Sunday, March 9, 2008

OLD HABITS...the stuff of dreams

A friend of mine who, like me, gave up touching the sauce several years back expressed some surprise when I told him recently that I often dream of drinking.
"I can't believe you're still having thirsty dreams after all these years", he chided.
"Most guys lose those after a year or so."

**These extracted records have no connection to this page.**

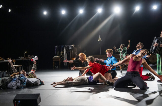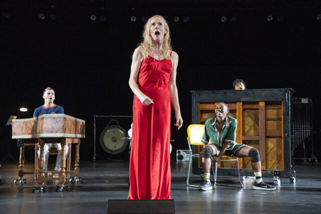 The performers are already congregating on Rosie Elnile’s wide open set as the audience enters the massive Wade Thompson Drill Hall, building a sense of community. On three sides of the neatly arranged platform stage are numerous unmatched chairs, a clothes rack, a few tables, and such instruments as a harp, a gong, a cello, and several pianos on wheels. The show begins with the following declaration, complete with surtitles projected on a small screen hanging from above: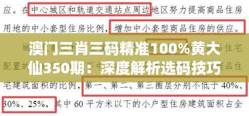 在澳门三肖三码精准100%黄大仙350期中,选码技巧是至关重要的。以下是一些关键点: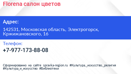Florena, салон цветов по адресу 142531, Московская область, Электрогорск, Кржижановского, 16 в дальнейшем Организация, размещена в следующих категориях: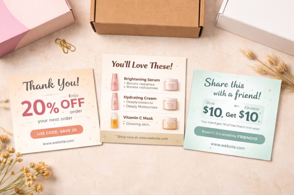 You can, but you’ll get better results by tailoring at least some elements—copy, visuals, or format—to product category or box style. For example, a generic thank-you card can be reused, while product suggestion cards and samples are more effective when aligned with the specific order. [tycoonpackaging]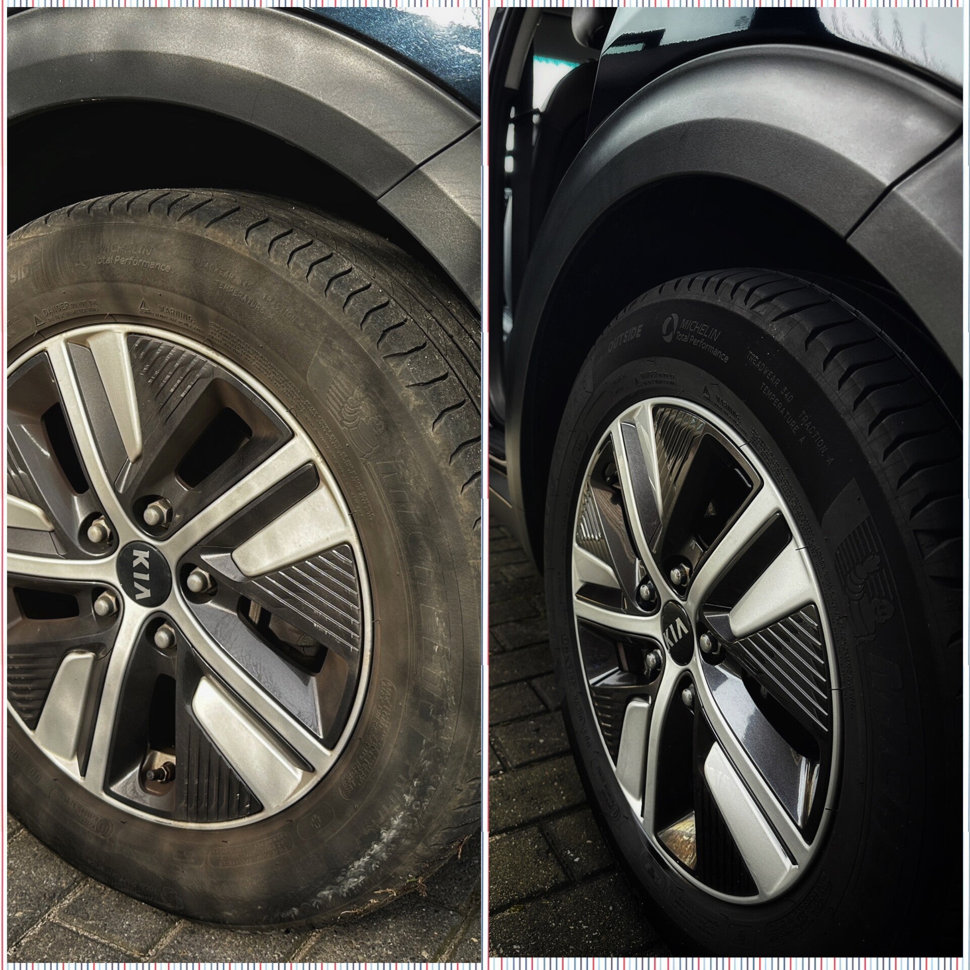 Discover the satisfaction of seeing brake dust and grime vanish, revealing clean, sharp alloys. Our close-up before and after shots of wheels and tires showcase one of the most dramatic transformations we deliver, leaving your wheels looking as good as new.

Well, what the hell? I'll have to check with Lloyd my dreamland bartender to find out what can be done. Knowing Lloyd, he'll recommend that I have another "splash" to help us rectify the situation. "Come on...just one more. You're not drivin."
In my defense I would like to note that for whatever reason I now seem to drink beer and wine while in repose. This is a marked improvement over the dreams of my early sobriety. Those somnambulistic trances often involved massive quantities of Jack Daniels and reckless behavior. Real progress appears to have been made.
Again, this is dreaming we're talking about. When awake I remain a Good Boy...at least when it comes to "touching the stuff".

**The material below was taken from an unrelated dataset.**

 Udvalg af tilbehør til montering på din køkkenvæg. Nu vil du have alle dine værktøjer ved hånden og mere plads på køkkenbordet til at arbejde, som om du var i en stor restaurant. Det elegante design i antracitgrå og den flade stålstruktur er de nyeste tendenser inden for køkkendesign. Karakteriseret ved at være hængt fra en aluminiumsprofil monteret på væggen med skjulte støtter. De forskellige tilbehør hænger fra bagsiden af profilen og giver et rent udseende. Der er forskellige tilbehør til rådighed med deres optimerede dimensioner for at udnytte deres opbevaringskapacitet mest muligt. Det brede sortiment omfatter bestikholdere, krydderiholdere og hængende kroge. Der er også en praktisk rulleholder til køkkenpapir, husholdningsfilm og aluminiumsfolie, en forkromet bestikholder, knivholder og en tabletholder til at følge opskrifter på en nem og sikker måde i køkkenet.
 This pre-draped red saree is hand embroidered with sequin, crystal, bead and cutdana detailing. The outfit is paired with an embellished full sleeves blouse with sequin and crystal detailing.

All of this got me thinking about habits. Good habits and especially BAD habits die hard. Advertising doesn't help either.

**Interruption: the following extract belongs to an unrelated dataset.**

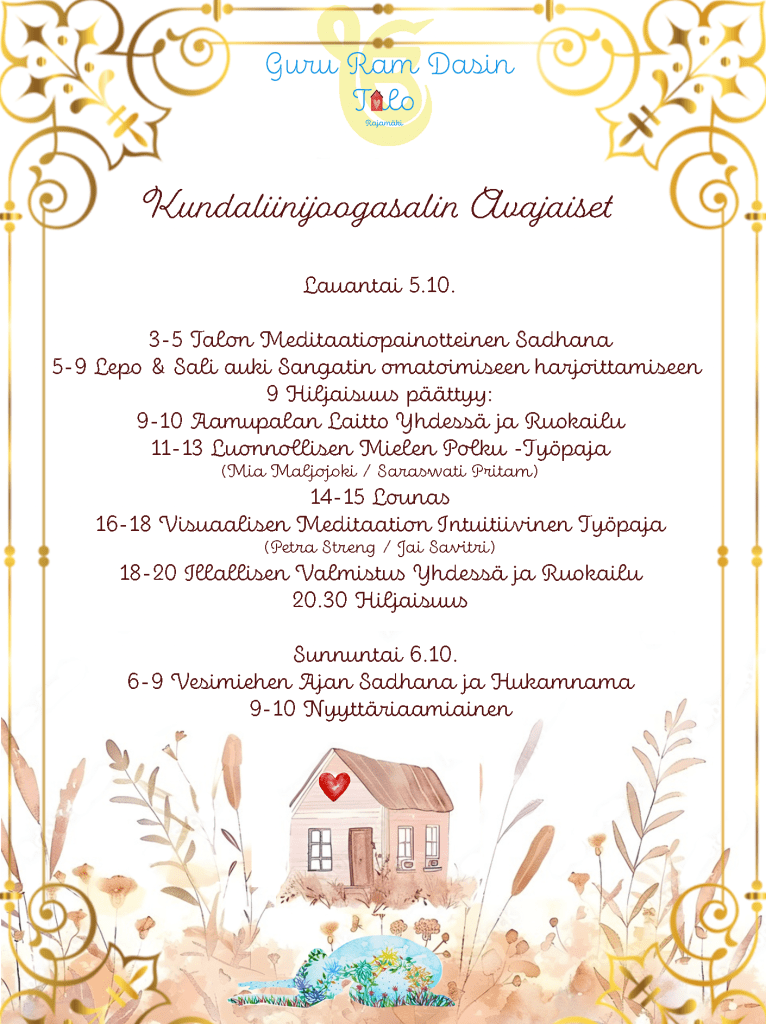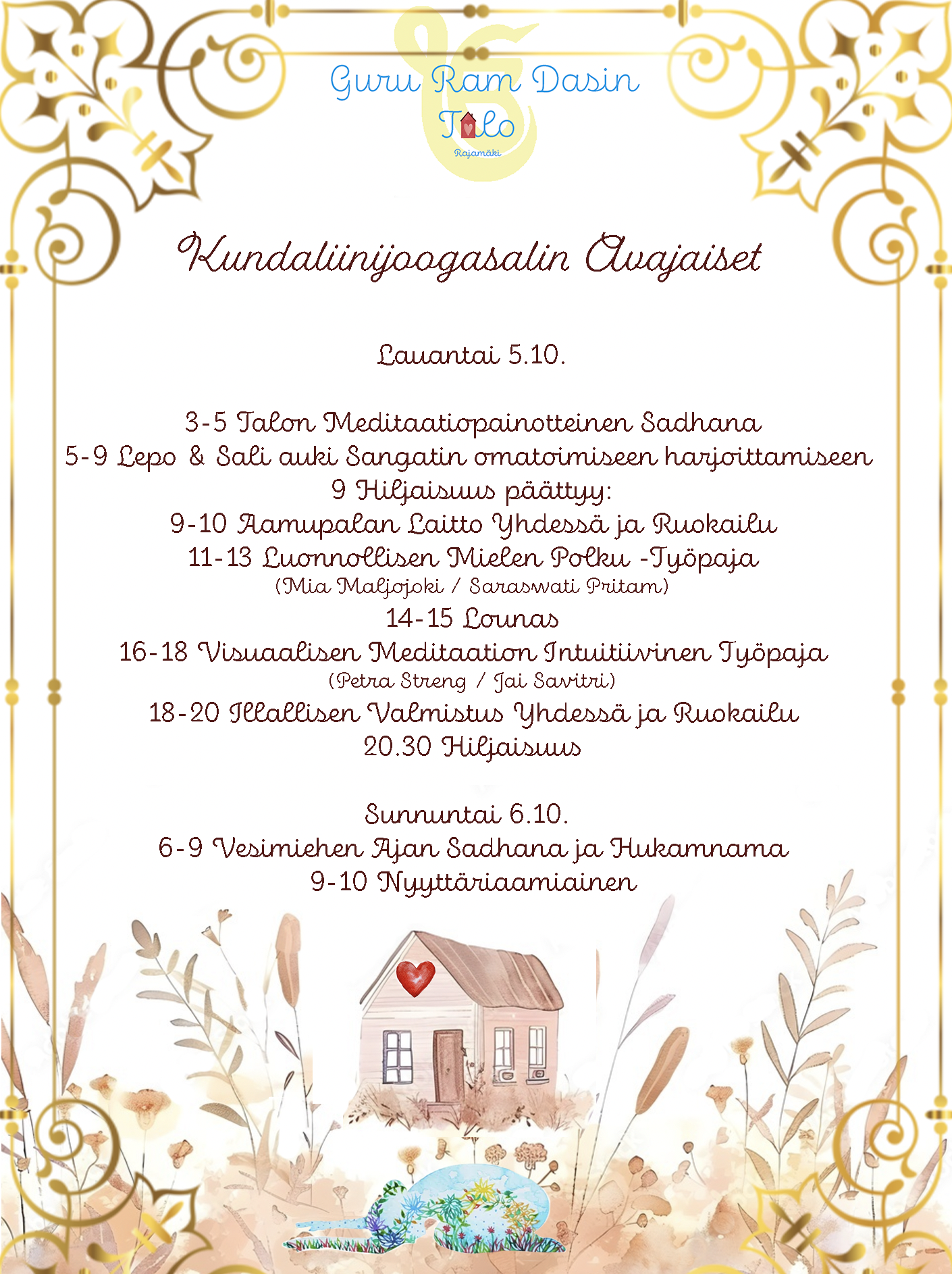 Lämpimästi tervetuloa kundaliinijoogaperinteen aamusadhanoihin marraskuussa joka viikonloppu klo 5.00 – 7.30. Voit tulla mukaan kun itsellesi parhaiten sopii ja lähteä myös koska itsellesi parhaiten passaa. Aamuharjoitus alkaa Japji-resitaatiolla ( oma Japji ). Resitaation jälkeen päättämme yhdessä tehtävän Kriyan. Kriya päättyy rentoutukseen, jonka jälkeen on tunnin mittainen mantra-meditaattio, ns. Aquarian Age mantrat livemusiikilla. Kaikki saavat myös osallistua vetämään sadhanan eri osia niin halutessaan. Halukkaille tarjolla lopussa myös päivän hukamnama (ote Siri Guru Granth Sahibista). Sadhanat ovat zoomin kautta (ei ilmoittautumista) ja halutessaan voi tulla myös Rajamäelle/Nurmijärvelle paikan päälle (ilmoittautuminen tekstarilla 040-5020789 edelliseen iltaan klo 18 mennessä).
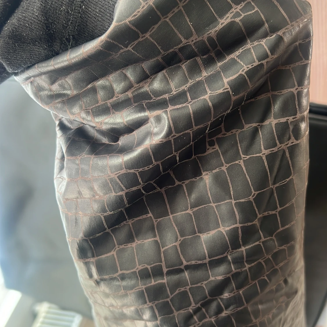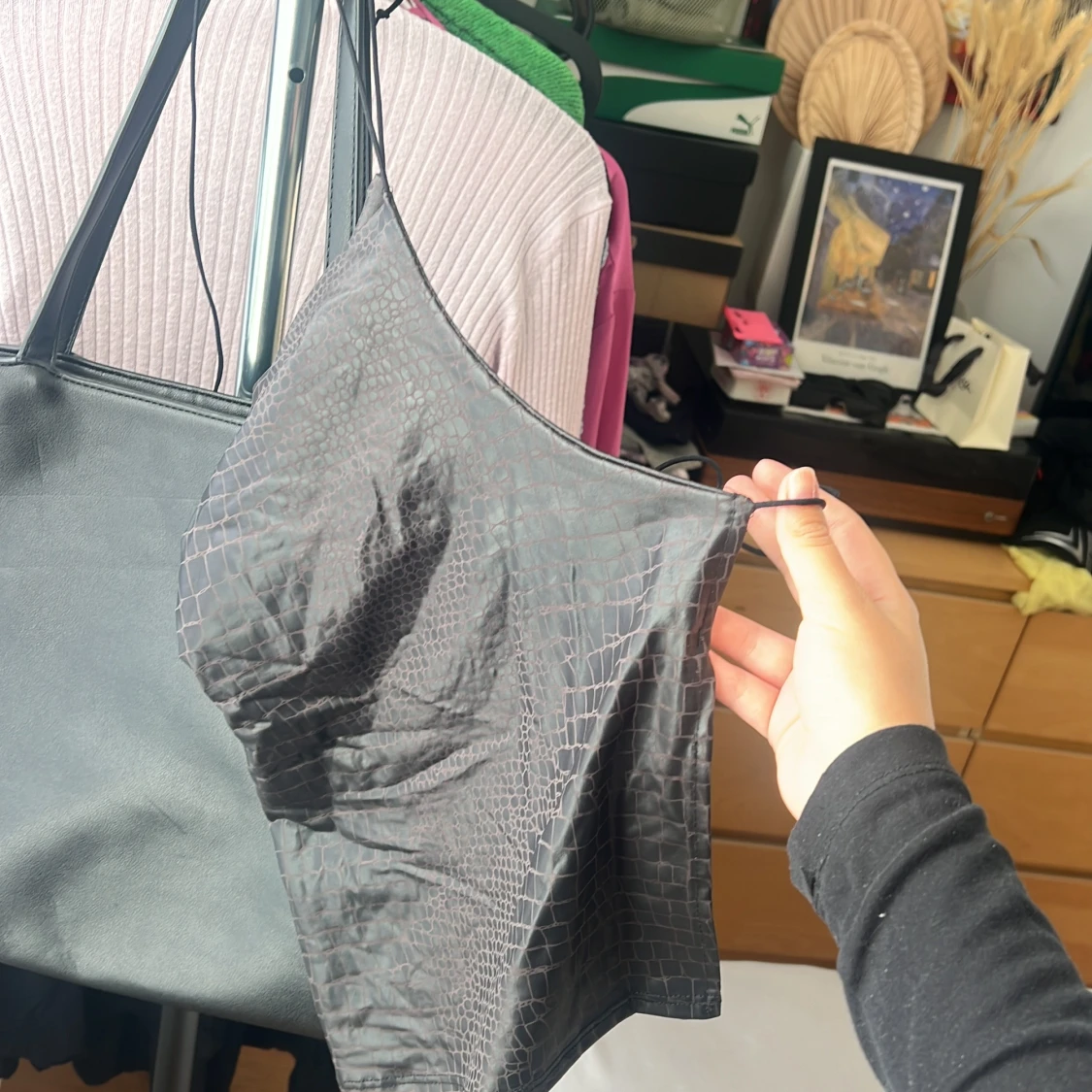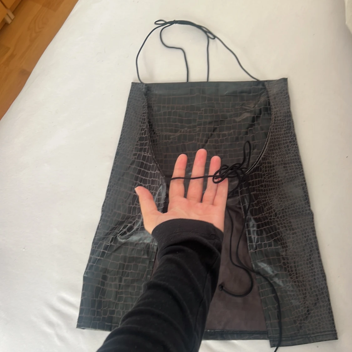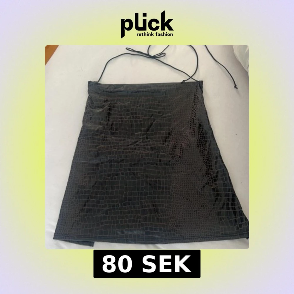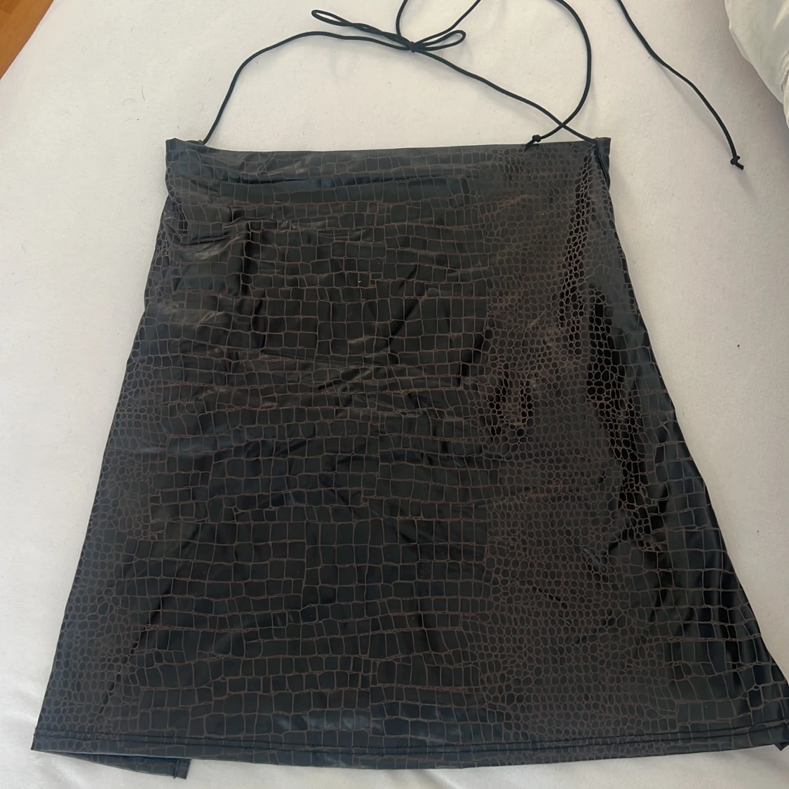 Snygg svart topp med crocoinspirerat mönster och tunna axelband som knyts i nacken. Klänningen har en slät, glansig yta och är figurnära med minimalistisk design. Perfekt för dig som gillar trendiga detaljer och vill sticka ut.

When I was a boy I couldn't wait to start smoking. All of the cool guys smoked: movie stars, athletes, thugs, your dad's cool friends. Your dad smoked too and, though he was definitely NOT cool, you tended to overlook that fact and watched him to learn how to fire one up.

Most guys can remember the first cigarette they had. I was seven. My hoodlum pal, Phil Brown, had swiped a pack of his mother's KOOLs and we were set to let the good times roll. Mrs. Brown smoked 24/7 and had no clue that young Phil and I had made off with her UNFILTERED KOOLs. (Yeah, they made 'em back then.) We hightailed the cigs and a box of matches down to the creek which ran behind the Brown aboded in the little town of Leslie, Michigan and proceeded to become cool with the purloined KOOLs.

Late that same afternoon as I was puking my guts out behind the big mulberry tree next-door to my house I had pretty much decided that KOOLs would not be my butts of choice when I grew up. I decided that, like my dad, I was probably more suited to be a Camel Man. It must be genetic. That day was also the beginning of my radio career. After selling my mom the story that I "smelled like this because I had been standing too close to a bonfire" I knew I could sell anybody anything.

Kids today have it much easier. They don't have the Marlboro Man or big time celebrities pitching instant cool via tobacco. They just see a bunch of dumpy looking old cats hanging around outside buildings sucking on their nicotine "fix sticks". No glamour there.




The Marlboro Man roped himself a case of cancer







Time to wrap this up. It's getting near bedtime and I've got to give the wine a chance to breathe.